Ayer fui al cine a ver la segunda película dirigida (y también protagonizada) por Viggo Mortensen. Un western en lo formal pero con multitud de detalles que lo hacen diferente, como también lo es su director.
Más allá del enfrentamiento entre los buenos y los malos, los honestos y los corruptos, los pacíficos y los violentos -como en cualquier película del Oeste que se precie-, los personajes principales (no hablo de los antagonistas) y algunos mal llamados secundarios conforman una maraña de relaciones personales llenas de delicadeza que concitan cierta admiración (acostumbrados como estamos a las obras del género tirando a toscas y centradas mayoritariamente en la acción, ya saben, pistolas, tiros y duelos) y se adentran en todo aquello que de generoso puede tener el ser humano.

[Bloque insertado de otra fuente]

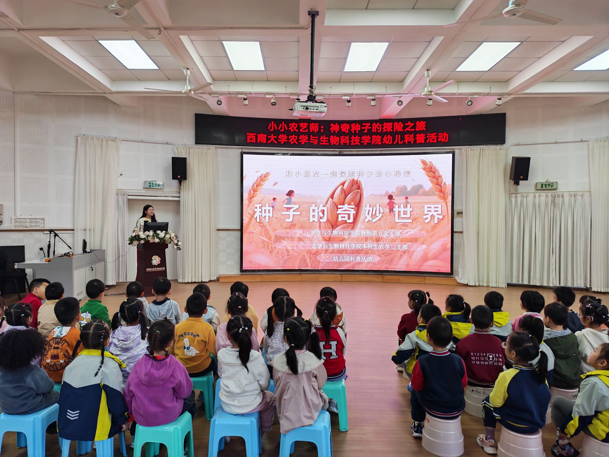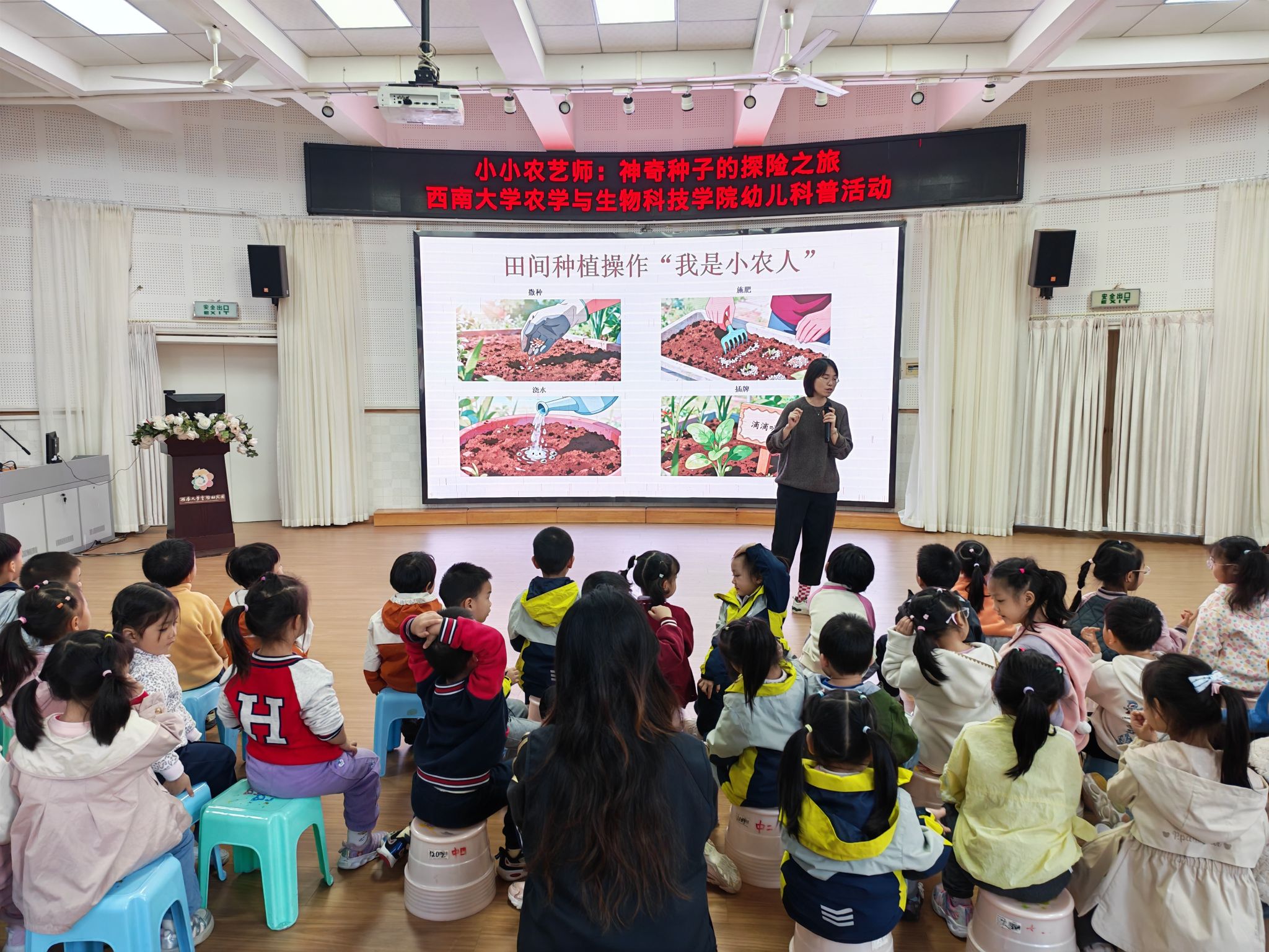 为充分发挥农学专业优势,助力幼儿科学认知启蒙,2025年11月4日上午,西南大学农学与生物科技学院教师第五党支部联合本科生农学第二党支部、本科生农学第一党支部志愿者共同走进西南大学实验幼儿园(北区),为中班、大班小朋友开展“小小农艺师:神奇的种子探险之旅”科普活动。

Hablaba al principio de detalles y quiero mencionar algunos que me llamaron la atención: la gente lee (sigo sin hablar de los malos), el pianista del "Saloon" es mexicano, que como todo el mundo sabe es una nacionalidad bastante despreciada en las películas del Oeste hechas por yankis. Bueno, pues el pianista mexicano del "Saloon" toca piezas clásicas en el dolor y en el asueto. Los caballos, además de piafar, respiran y suspiran. El fin del mundo es el mar en el que algunos miramos más allá. Tan allá como las lágrimas que enfrentan a la muerte.